Александра Федоровна: последняя русская императрица | страница 34



Виктория иногда удостаивала внучку разговорами о своих «служебных» обязанностях, для нее почти святых. И делала она это без всякого нажима, так просто и доходчиво, чего не могла не заметить девочка.

— Солнышко мое, я совсем не советую тебе в твоей жизни, жизни женщины, взваливать на свои плечи такие обязанности, которые всегда давили на меня тяжким грузом… Ты еще пока слишком мала, чтобы это понять, но я не желала бы ничего другого, кроме как быть такой же, как все женщины, заниматься чисто женскими заботами. От этой Британской короны у меня частые мигрени! К тому же разве женщины призваны Судьбой управлять? Меня порой называют, явно чтобы мне польстить, — Викторией Великой. А враги мои кричат, что я действую, как настоящий тиран. Но есть ли в моем таком положении какой-то иной выбор? Будь я слабой правительницей, то тут же оказалась бы жертвой. До сих пор вижу перед собой своего жениха — моего горячо любимого принца Альберта. Разве он не был также сильно привязан ко мне, как я к нему?

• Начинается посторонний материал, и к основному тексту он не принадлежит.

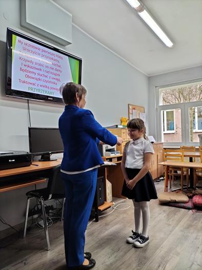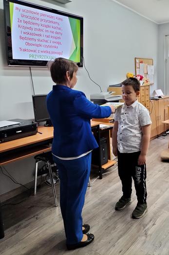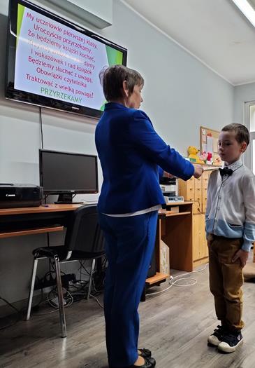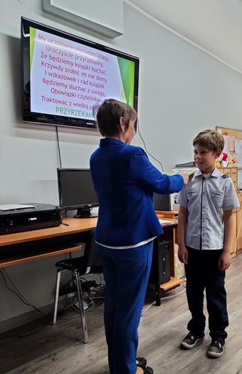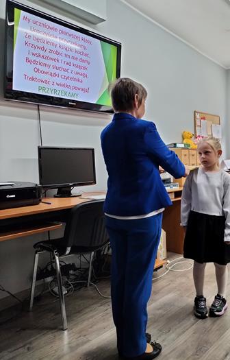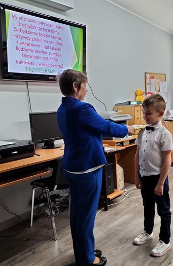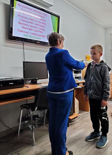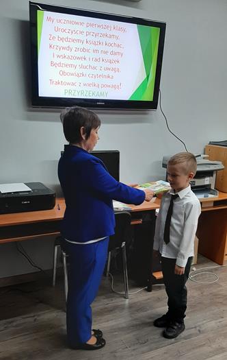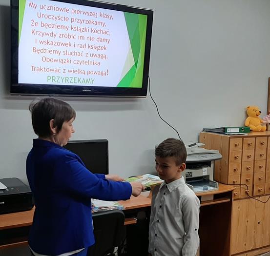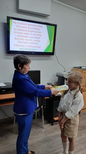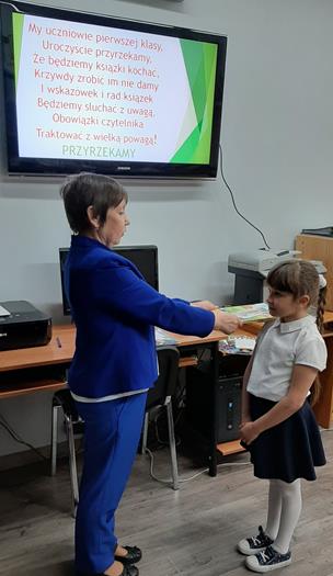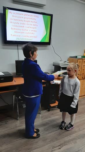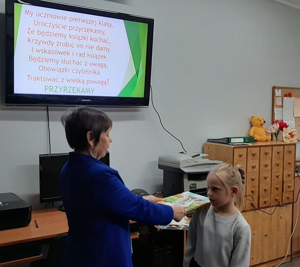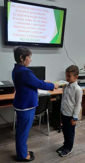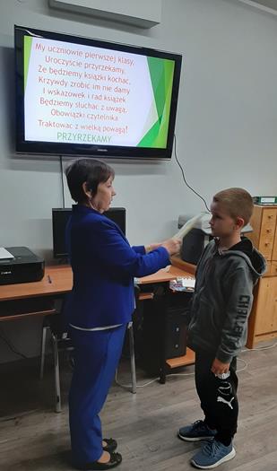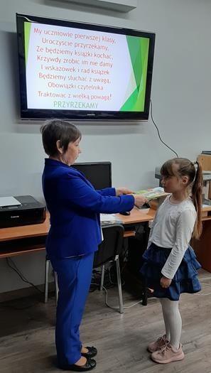 Po takim wprowadzeniu przyszli czytelnicy złożyli uroczyste przyrzeczenie, że będą kochać i szanować książki, korzystać z ich mądrości i sumiennie wypełniać obowiązki czytelnika.

Этот немец, этот уроженец Кобурга, Готы, всегда был мечтателем. Ему лишь нравилось исполнять сонаты Гайдна… Я поняла, что моя великая любовь к нему возвышала меня до уровня монарха с железной волей, чтобы не быть рабой событий, самой направлять их, чтобы в качестве самого убедительного доказательства своей ему преданности добиться процветания королевства, которому угрожали со всех сторон.

Аликс внимательно слушала. Ей казалось сейчас, что где-то в потаенном, самом далеком уголке ее сердца, творилось что-то неладное, и она видела перед собой его, Николая, взгляд, перехватываемый её взглядом, она чувствовала сладкое прикосновение его руки, которая опускается на её руку… цесаревич… цесаревич, о котором она, в сущности, ничего не знала…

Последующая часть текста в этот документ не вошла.